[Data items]
::::::::::

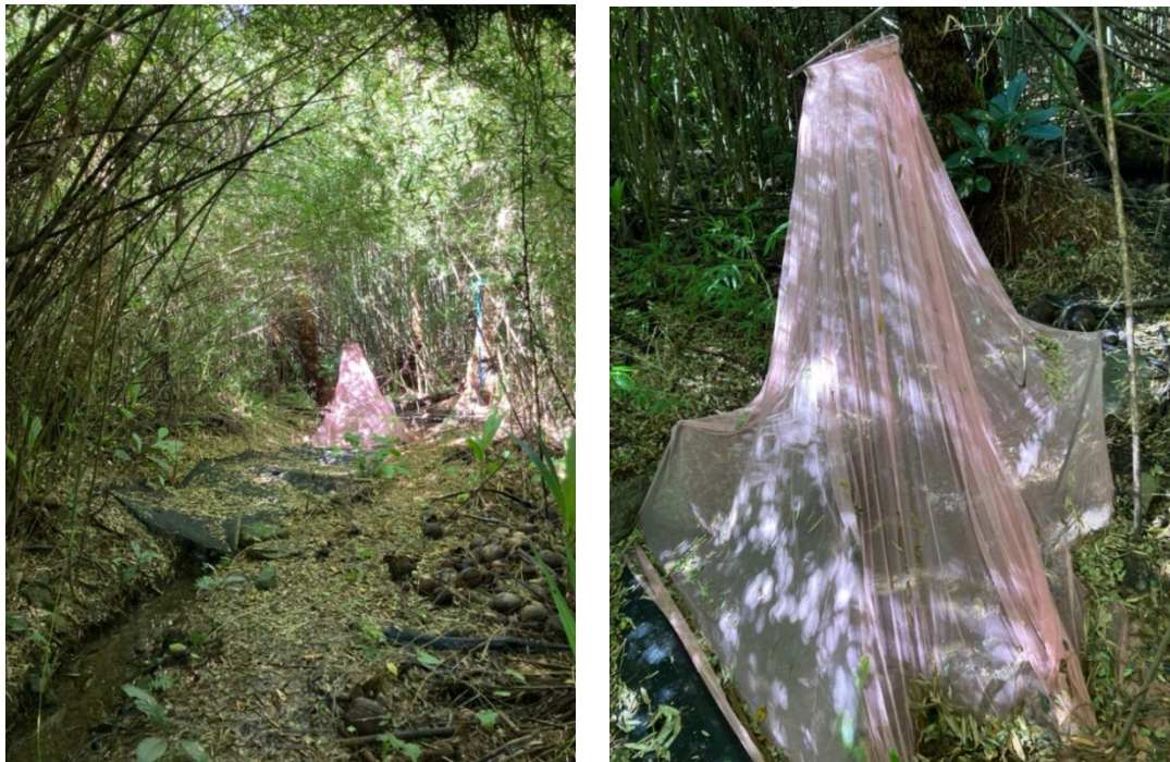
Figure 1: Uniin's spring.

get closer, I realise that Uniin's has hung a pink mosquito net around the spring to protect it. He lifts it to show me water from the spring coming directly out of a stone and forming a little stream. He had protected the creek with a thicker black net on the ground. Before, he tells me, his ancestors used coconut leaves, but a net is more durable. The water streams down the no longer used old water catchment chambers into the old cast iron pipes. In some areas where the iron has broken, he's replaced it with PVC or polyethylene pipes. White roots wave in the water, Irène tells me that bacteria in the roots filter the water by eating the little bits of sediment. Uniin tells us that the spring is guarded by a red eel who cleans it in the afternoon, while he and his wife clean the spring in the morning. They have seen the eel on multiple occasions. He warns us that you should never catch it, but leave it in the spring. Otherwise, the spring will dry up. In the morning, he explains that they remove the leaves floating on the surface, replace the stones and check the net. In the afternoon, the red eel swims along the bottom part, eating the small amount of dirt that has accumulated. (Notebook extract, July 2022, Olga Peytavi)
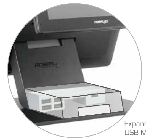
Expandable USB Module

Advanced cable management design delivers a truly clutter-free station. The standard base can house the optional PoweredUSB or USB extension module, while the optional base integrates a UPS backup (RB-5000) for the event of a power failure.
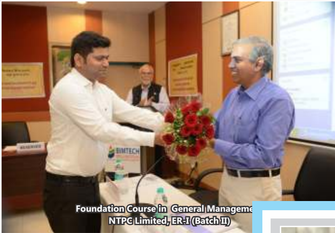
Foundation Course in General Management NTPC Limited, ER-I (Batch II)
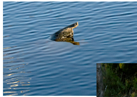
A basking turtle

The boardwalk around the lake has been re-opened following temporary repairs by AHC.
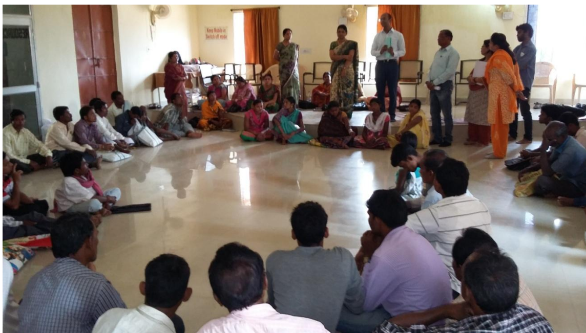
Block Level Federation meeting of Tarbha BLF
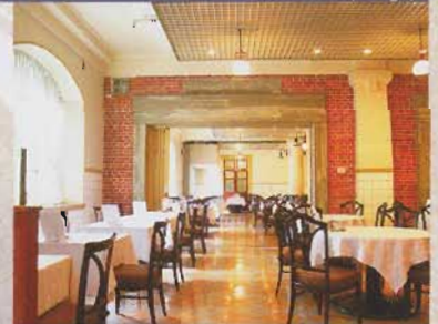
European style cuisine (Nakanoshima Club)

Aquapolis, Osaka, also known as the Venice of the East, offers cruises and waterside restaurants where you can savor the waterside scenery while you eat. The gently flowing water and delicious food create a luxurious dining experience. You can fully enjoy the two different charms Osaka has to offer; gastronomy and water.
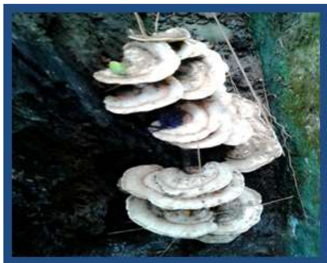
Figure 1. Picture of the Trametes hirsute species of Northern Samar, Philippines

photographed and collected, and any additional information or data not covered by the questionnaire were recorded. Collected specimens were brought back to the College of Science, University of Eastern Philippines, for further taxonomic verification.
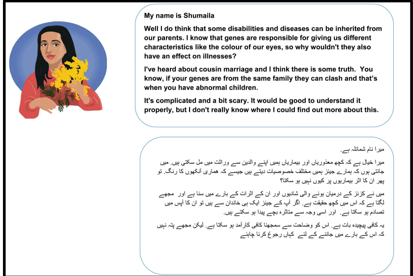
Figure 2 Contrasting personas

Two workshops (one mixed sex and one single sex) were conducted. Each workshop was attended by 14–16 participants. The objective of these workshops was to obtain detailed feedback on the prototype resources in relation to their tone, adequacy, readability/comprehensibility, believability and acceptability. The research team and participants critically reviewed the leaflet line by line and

::::::::::

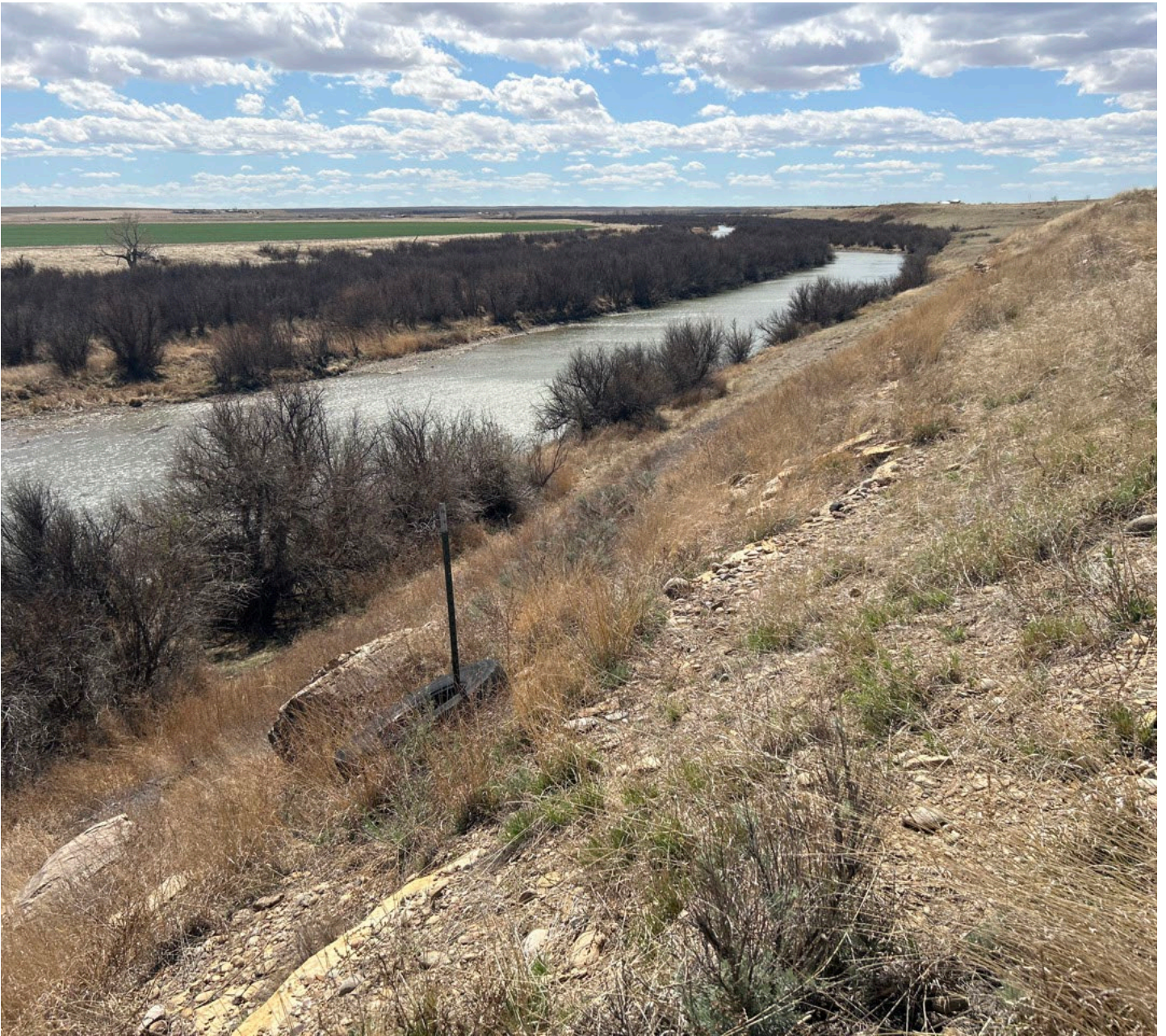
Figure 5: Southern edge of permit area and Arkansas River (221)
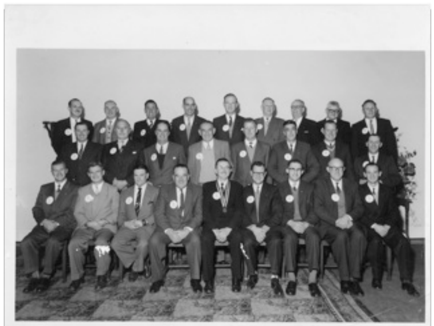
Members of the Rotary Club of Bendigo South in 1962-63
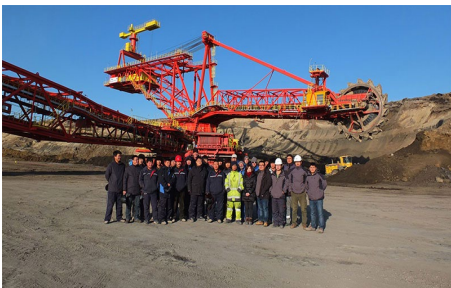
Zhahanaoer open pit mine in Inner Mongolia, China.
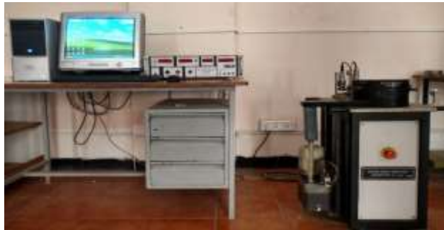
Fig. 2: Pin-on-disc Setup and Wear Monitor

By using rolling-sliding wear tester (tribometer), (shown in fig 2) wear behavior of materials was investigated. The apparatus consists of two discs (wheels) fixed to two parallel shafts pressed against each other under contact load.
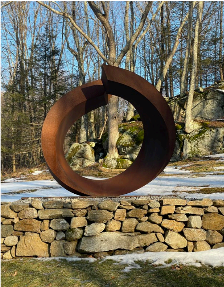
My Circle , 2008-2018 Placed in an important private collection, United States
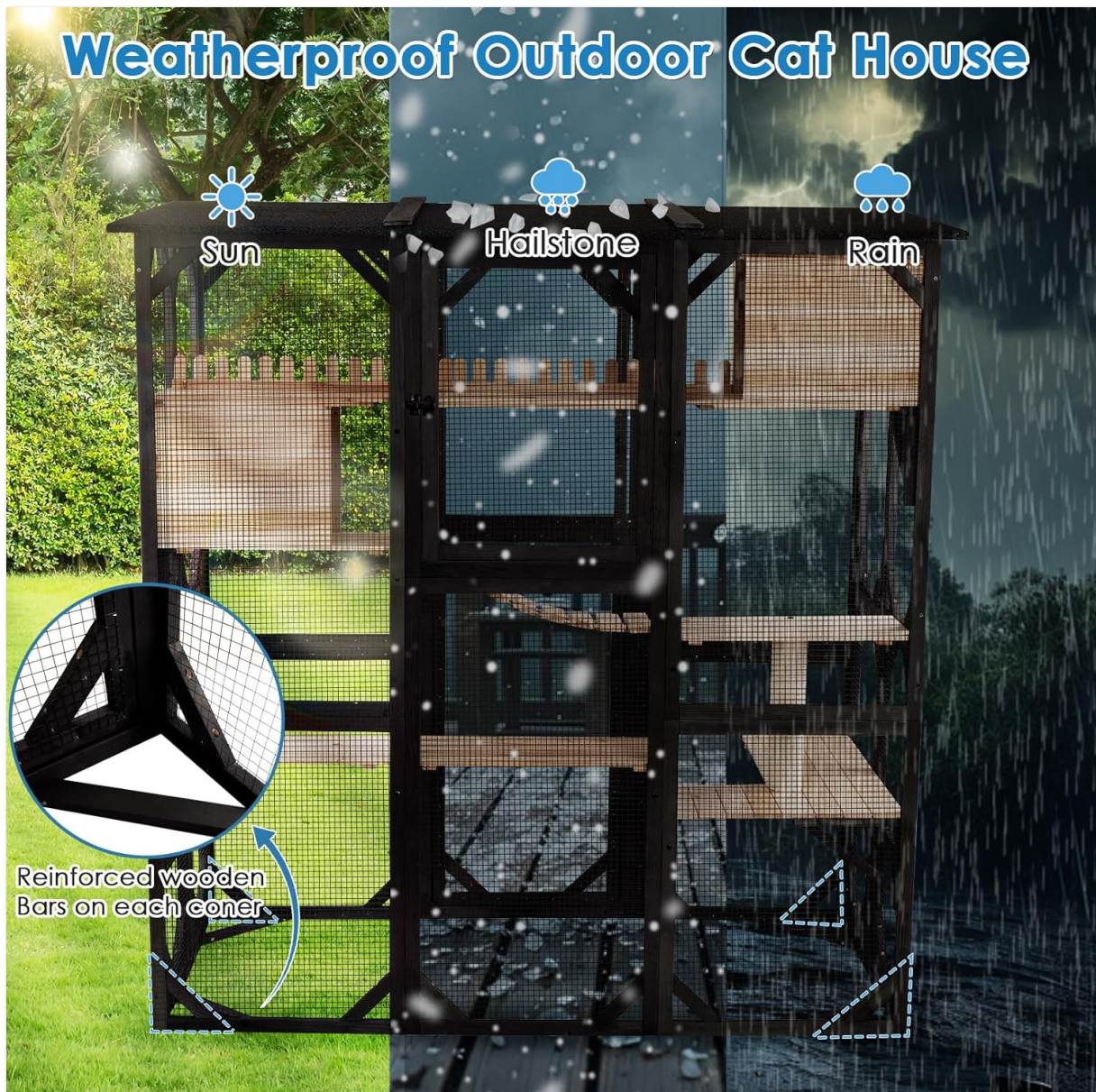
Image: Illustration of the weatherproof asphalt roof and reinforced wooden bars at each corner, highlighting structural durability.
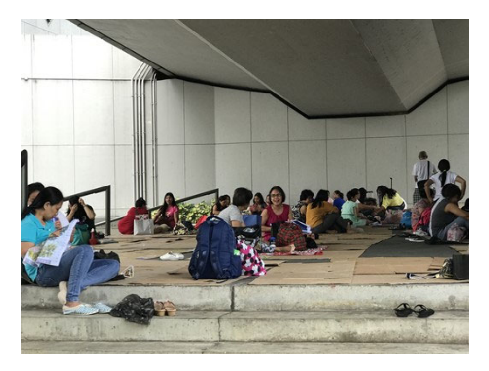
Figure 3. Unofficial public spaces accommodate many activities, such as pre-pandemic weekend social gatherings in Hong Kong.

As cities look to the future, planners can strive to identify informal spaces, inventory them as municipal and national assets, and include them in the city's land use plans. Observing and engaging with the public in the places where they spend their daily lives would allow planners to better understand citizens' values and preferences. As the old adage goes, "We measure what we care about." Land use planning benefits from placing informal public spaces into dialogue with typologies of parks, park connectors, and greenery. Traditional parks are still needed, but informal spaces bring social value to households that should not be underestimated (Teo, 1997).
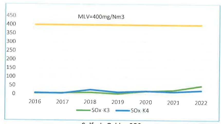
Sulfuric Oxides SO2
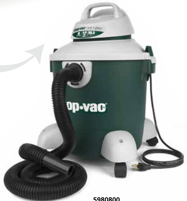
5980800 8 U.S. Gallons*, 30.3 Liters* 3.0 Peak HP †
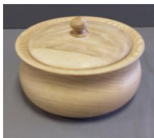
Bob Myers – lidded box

::::::::::

■ About this task ■
Please go over the data above and copy each line with "social" in it.

■ Solution for this exercise ■
Figure 3. Unofficial public spaces accommodate many activities, such as pre-pandemic weekend social gatherings in Hong Kong.
As cities look to the future, planners can strive to identify informal spaces, inventory them as municipal and national assets, and include them in the city's land use plans. Observing and engaging with the public in the places where they spend their daily lives would allow planners to better understand citizens' values and preferences. As the old adage goes, "We measure what we care about." Land use planning benefits from placing informal public spaces into dialogue with typologies of parks, park connectors, and greenery. Traditional parks are still needed, but informal spaces bring social value to households that should not be underestimated (Teo, 1997).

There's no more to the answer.